Task requirements: Reproduce, exactly and only, the lines of the data that follows from the one containing "M12 female socket, shield, through-hole" down to the one containing "Sleek Automobile Profile", without pictures.

Data:

^^^^

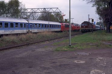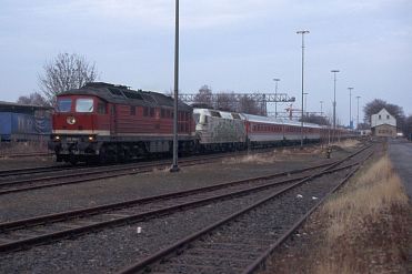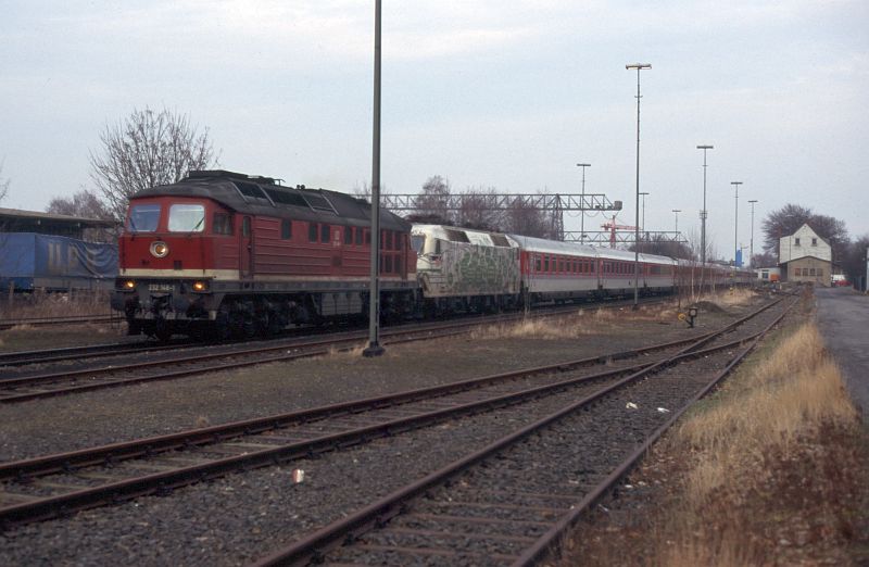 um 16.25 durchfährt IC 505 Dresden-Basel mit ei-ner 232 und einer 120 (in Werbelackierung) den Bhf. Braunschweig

^^^^

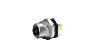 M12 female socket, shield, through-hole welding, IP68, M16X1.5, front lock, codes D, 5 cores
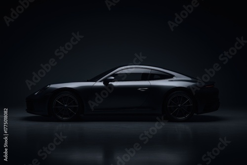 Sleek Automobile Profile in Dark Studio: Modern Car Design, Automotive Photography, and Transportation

^^^^

Answer to the exercise:
 M12 female socket, shield, through-hole welding, IP68, M16X1.5, front lock, codes D, 5 cores
 Sleek Automobile Profile in Dark Studio: Modern Car Design, Automotive Photography, and Transportation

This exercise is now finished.